Swing Guitar

Dedicated to pre-bebop jazz guitar.

Thursday, July 07, 2005

Why new bands don't sound old.

This was written in response to question about why new bands don't sound enough like the original swing bands:

As a bandleader and musician who's tried SO frickin' hard to get that vintage sound, both live and in the studio, let me share a couple of things I've figured out - God knows I've still got more to learn.

1. The Beat - The "swing" feel of late 30's-early-40's swing is different that the modern jazz "swing" feel of almost all post-1945 jazz. The stacato 4-feel of Swing changed into the the more legato shuffle of post war jazz. All of the modern recordings outside of the "trad-jazz" scene have a modern feel. Even all the great swing soloist's 1950's recordings are all "swingin'" rather than "Swing". It's more than on(or ahead of) the beat vs. behind the beat, but that certainly is true. Three things are responsible for this:
- The ride cymbal/bop drumming: Swing Drumming (from watching Josh Collazo on every gig) involves four-beat bass drum, and four-beats on the snare or time on the hi-hat. Very choppy. Because of the flowing ride cymbal, the choppy four feel was smoothed out. Plus the bass drum left four-to-the-floor duty so it could be free to comp and drop "bombs". The beat lays back because of this, giving that slinky feel that a lot of "groove" dancers like.
- steel bass strings/legato bass: Listen to Walter Page, then listen to Ray Brown. Page goes "dunk-dunk-dunk-dunk" - very staccato, choppy. He's playing his gut strings as hard as he can to project over the (large) band. Now, listen to Ray, he's playing "doo-doo-doo-da-doo," each note blending into the next, very legato. Again the beat will lay back because of this. Guys can play either feel on either string, but steel strings allowed bass players to lay back so they were originaly responsible for the change in sound.
- lack of rhythm guitar: although I'm partial to rhythm guitar for obvious reasons, its essential to a 30's-40's swing feel. Bear in mind that Freddie Green chunked his whole life through the Basie band and "Corner Pocket" doesn't swing like Basie in the 30's-40's. Rhythm guitar helps to chop up the rhythm, but it can't change a whole band playing in a modern style. Oh, and electric guitars don't count. They just do not work timbre-ally.

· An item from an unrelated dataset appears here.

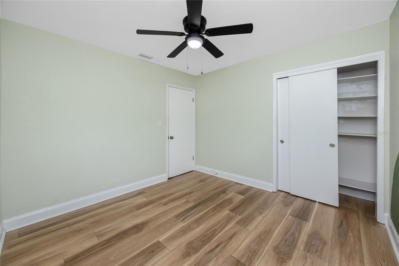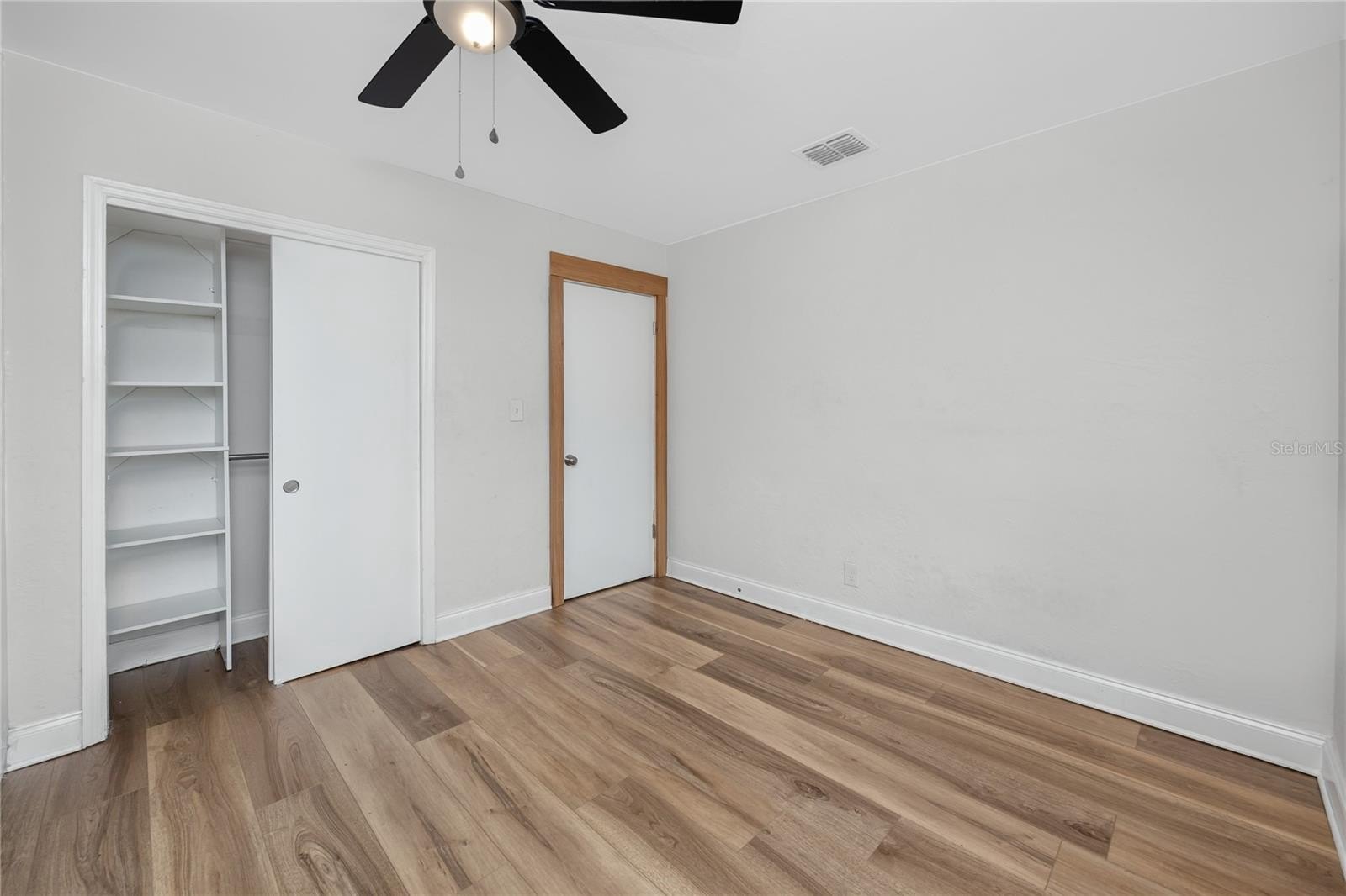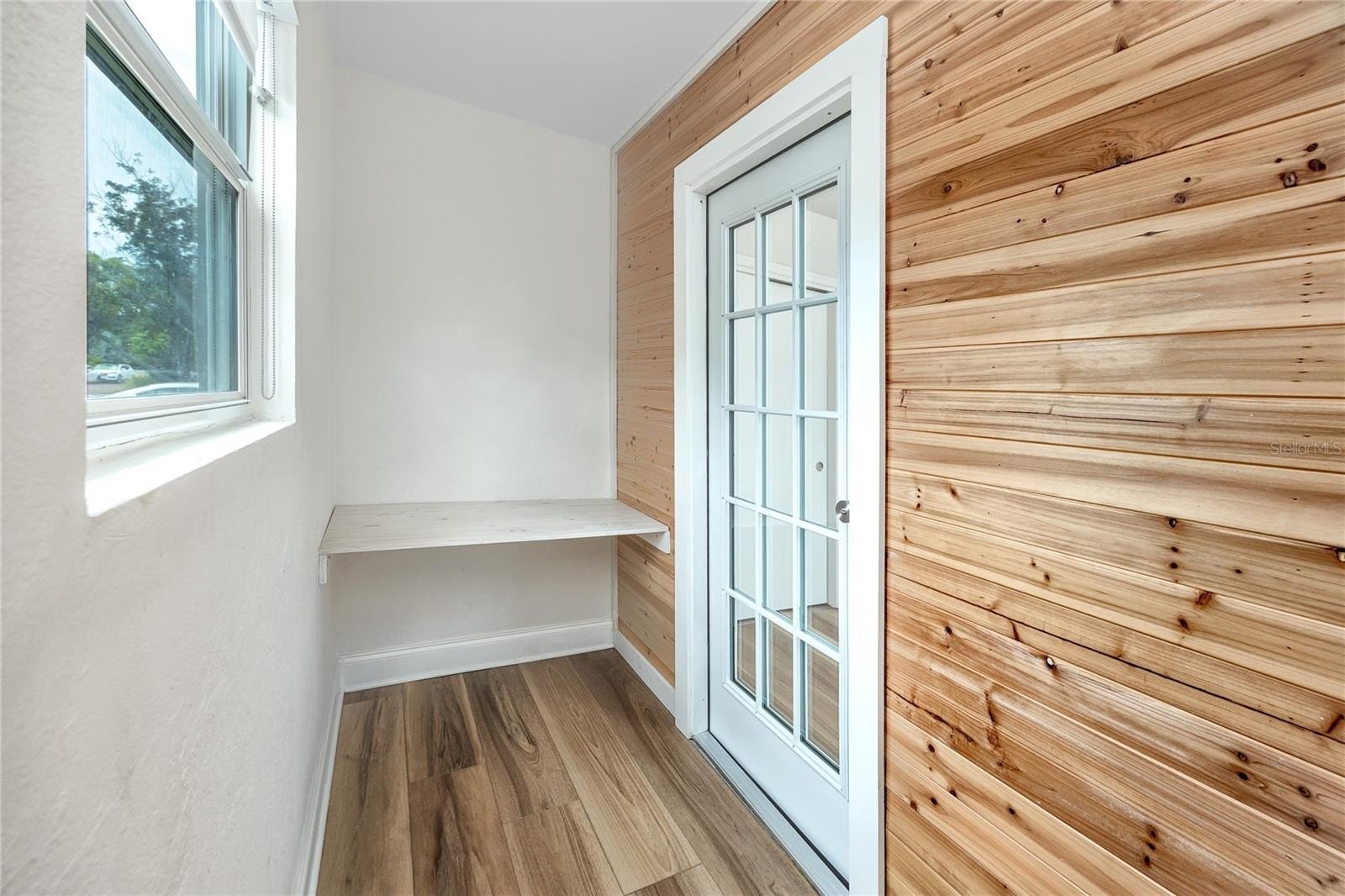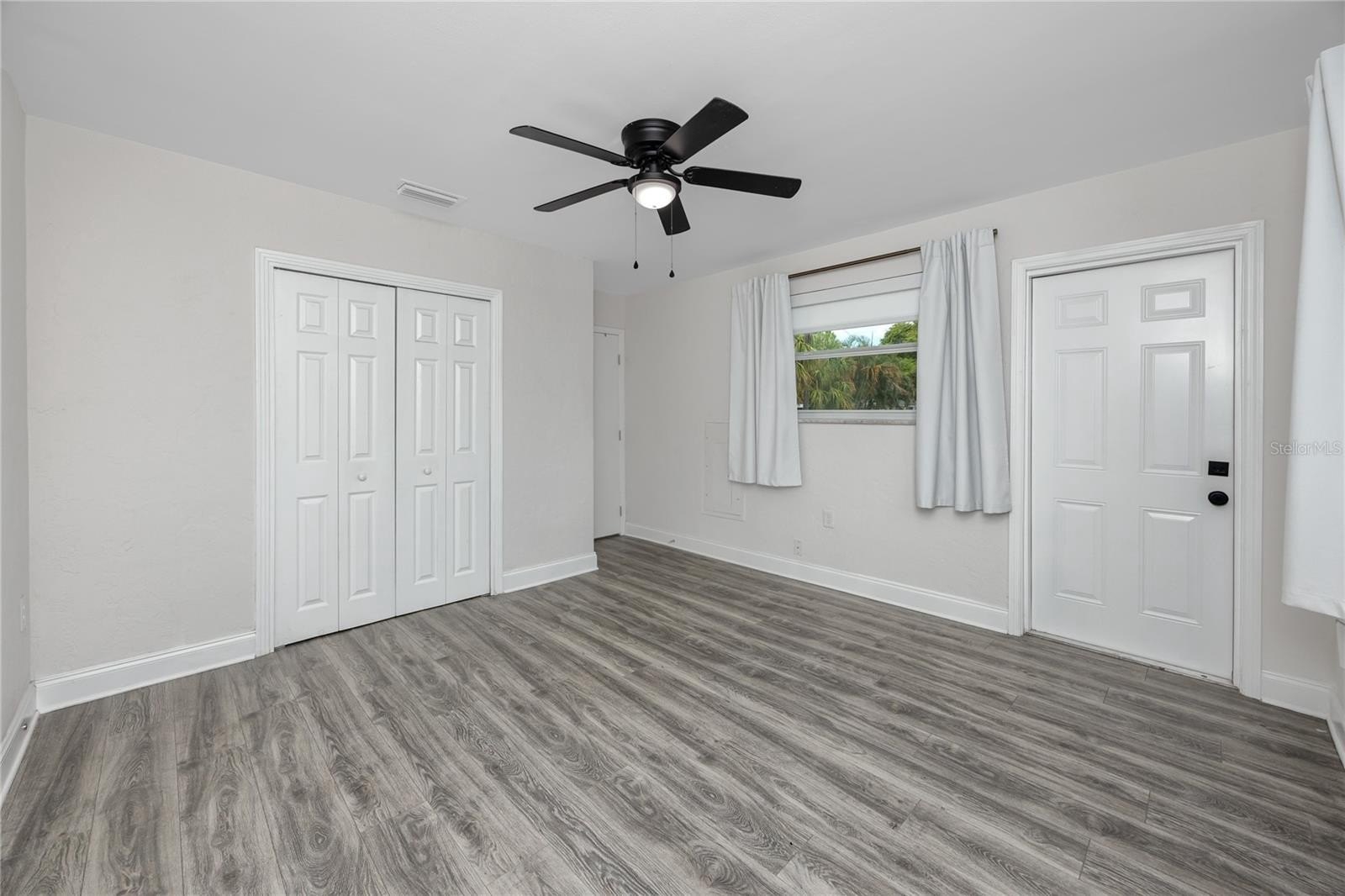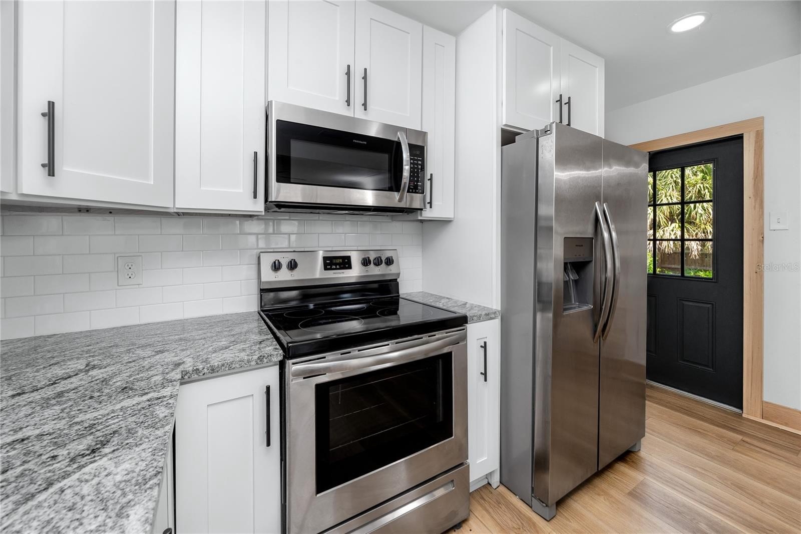 The primary suite includes a spacious closet with built ins, a sleek ensuite bath with a custom-tiled walk-in shower, and private access to the backyard. Two additional bedrooms share a fully updated bath with a tub/shower combo and modern fixtures. The third bedroom’s flex space can easily function as a home office, studio, or oversized walk-in closet with vanity. A charming barn-door laundry closet in the dining room with a full-size ThinQ washer and dryer completes the interior.

2.Old vs. Modern instruments - Swing (ie the 30's-40's sound) was largely pre-amplification. The reference point for volume was an acoustic piano - The loudest a band could get had to take into account the maximum volume of a piano. As microphones, sound systems and guitar amps got better and louder, other instruments changed to keep up with their electricifed collegues. Drums in particular, are vastly different today. Today's drums and also cymbals are made to keep up with amplified music - they are decidedly louder. It is impossible to play swing drums on modern equipment. I did two gigs on drums, borrowing Josh Collazo's kit, and got compliments from the other guys on the gig. I go into Guitar Center and sound stupid on their modern kits. (pause for jokes about my drumming) A vintage kit, and one set up vintage (heads, cymbals, etc.) are essential to play the style.
All of the other variations with horns are responsible, but I think drums and bass are the two most important.

3.Isolated Recording vs. Room Recording - The sound of a live band is the combined sounds of all the instruments interacting together in the air and then reaching your ears. The sound of modern recording is all of the instruments mic'd individually, and interacting in the sound system artificially. Appearently the overtones don't ring out right, or something -on one level this is pretty audiofile stuff, most people can hear some difference. The organic vintage sound of Mora's Cd's (www.morasmodern.com), or Swing Session's, or my own Cd is due to room recording. Everyone is the same room, with all of the frequencies interacting organically picked up by one or two mics - just like they did back in the day.
The guy who recorded Mora's and my CD (who also plays trumpet with the Chicago Six) uses a MS stereo pair to get the room sound. If something needs a boost, he has everythig mic'd individually for safety, but 99% of what you hear is just the room sound.

I could write a book about this stuff, so I've had to simplify a bit, but I really find these to be the case. Most musicians don't really bother with the specifics of the genre, but that "Swing" feel vs. "swing" feel issue really prevades every musician. 99% percent of the musicians in this city (or any city) can't play or don't try to play with a real "Swing" feel.
There's a reason some of the same guys show up in the different bands. I find that Western Swing bass players are better for Swing than most jazz players, because they are more dedicated to the style. Hope that helps explain the discrepancy.